Insights / Research BriefOct 28, 2021

Policy Experimentation in China: The Political Economy of Policy Learning

Shaoda Wang, David Y. Yang
While China’s bureaucratic and institutional conditions make large-scale policy experimentation possible, the country’s complex political environments can also limit the scope and bias the direction of policy learning.

Determining which policies to implement and how to implement them is an essential government task. However, policy learning is complicated by a host of factors, encouraging countries to engage in various policy experiments to help resolve policy uncertainty and to facilitate policy learning. This paper analyzes systematic policy experimentation in China since the 1980s, where the government has systematically tried out different policies across regions and often over multiple waves before deciding whether to roll out the policies to the entire nation.

China is an important case study for two reasons. First, the systematic policy experimentation in China is unparalleled in terms of its depth, breadth, and duration. Second, scholars have argued that policy experimentation was a critical mechanism leading to China’s economic rise over the past four decades. Even so, surprisingly little is understood about the characteristics of such policy experimentation, or how the structure of experimentation may affect policy learning and policy outcomes.

The authors focus on two characteristics of policy experimentation to assess whether it provides informative and accurate signals on general policy effectiveness. First, to the extent that policy effects are often heterogeneous across localities, representative selection of experimentation sites is critical to ensure unbiased learning of the policy’s average effects. Second, to the extent that the efforts of the key actors (such as local politicians) can play important roles in shaping policy outcomes, experiments that induce excessive efforts through local political incentives can result in exaggerated signals of policy effectiveness.

Motivated by questions that address these concerns, the authors collect 19,812 government documents on policy experimentation in China between 1980 and 2020 and construct a database of 633 policy experiments initiated by 98 central ministries and commissions. The authors describe their methodology in detail within the paper, but broadly speaking they link the central government document that outlines the overall experimentation guidelines with all corresponding local government documents to record its implementation throughout the country.

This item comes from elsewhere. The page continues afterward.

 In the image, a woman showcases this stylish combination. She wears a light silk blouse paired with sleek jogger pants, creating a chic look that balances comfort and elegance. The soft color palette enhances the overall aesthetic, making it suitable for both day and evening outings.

They measure numerous characteristics of policy experiments, including ex-ante uncertainty about policy effectiveness, career trajectories of central and local politicians involved in the experiment, the bureaucratic structure of the policy-initiating ministries, the degree of differentiation in policy implementation across local governments, and local socioeconomic conditions. 

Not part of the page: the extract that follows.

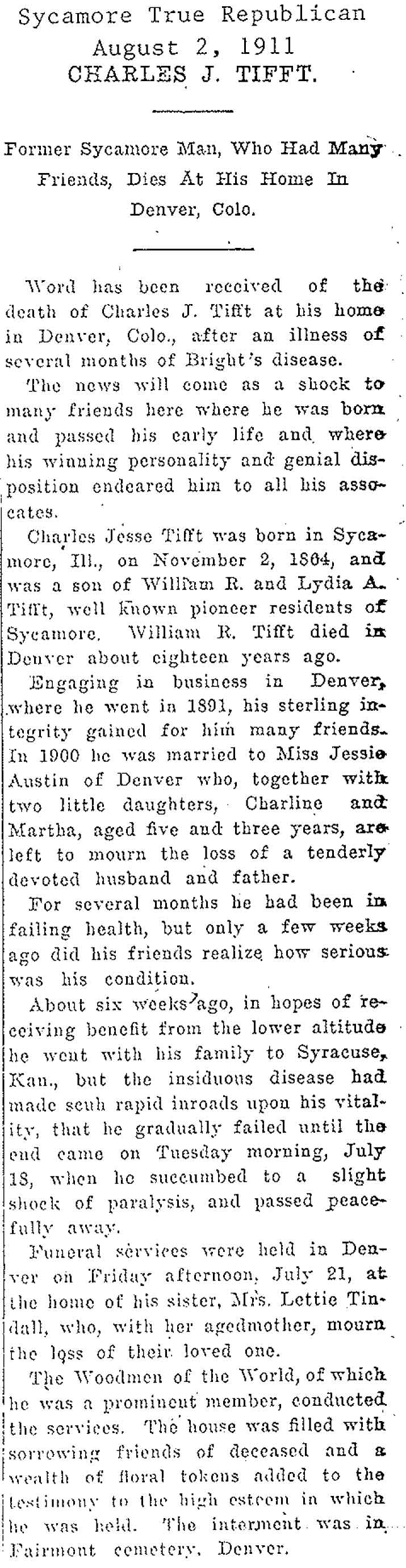 Buried in Fairmont Cemetery - Denver, CO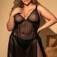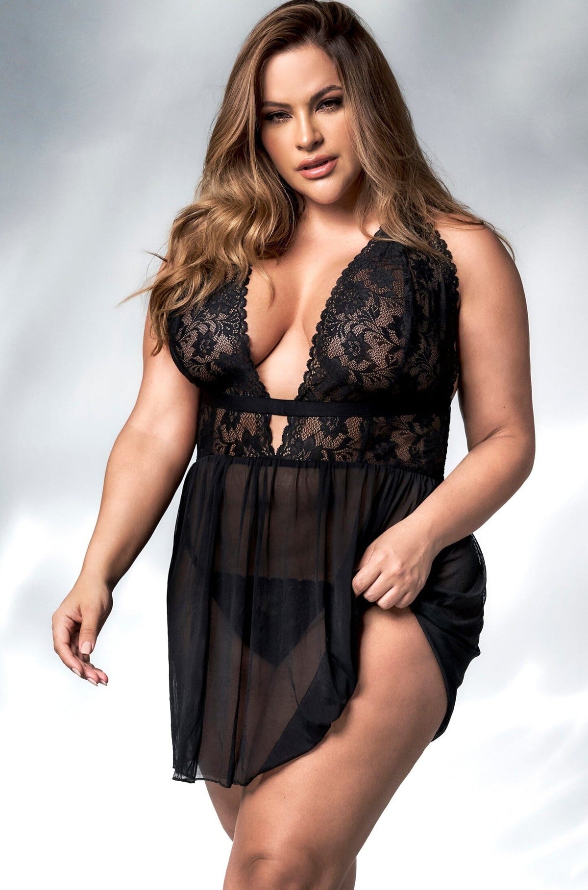 This timeless babydoll is an essential garment in your personal lingerie collection. With a deep lace neckline, transparent mesh skirt, adjustable straps and matching thong. Loose silhouette.

The authors find the following:

  • Policy experimentation sites are substantially positively selected in terms of a locality’s level of economic development, and misaligned incentives across political hierarchies account for much of the observed positive selection. 
  • Experimental situation during policy experimentation is unrepresentative: local politicians exert strategic efforts and allocate more resources during experimentation that may exaggerate policy effectiveness, and such strategic efforts are not replicable when the policy eventually rolls out to the rest of the country.
  • The positive sample selection and unrepresentative experimental situation are not fully accounted for when the central government evaluates experimentation outcomes, which would bias policy learning and national policies originated from the experiments.

Among its important implications, this research offers insights into the fundamental trade-off facing a central government: structuring political incentives to stimulate politicians’ effort to improve policy outcomes, while making sure that such incentives are not exaggerated during the experimentation phase, so that policy learning remains unbiased. Solutions that improve mechanism design could improve the efficiency of policy learning and, likewise, could be of valuable policy relevance and importance.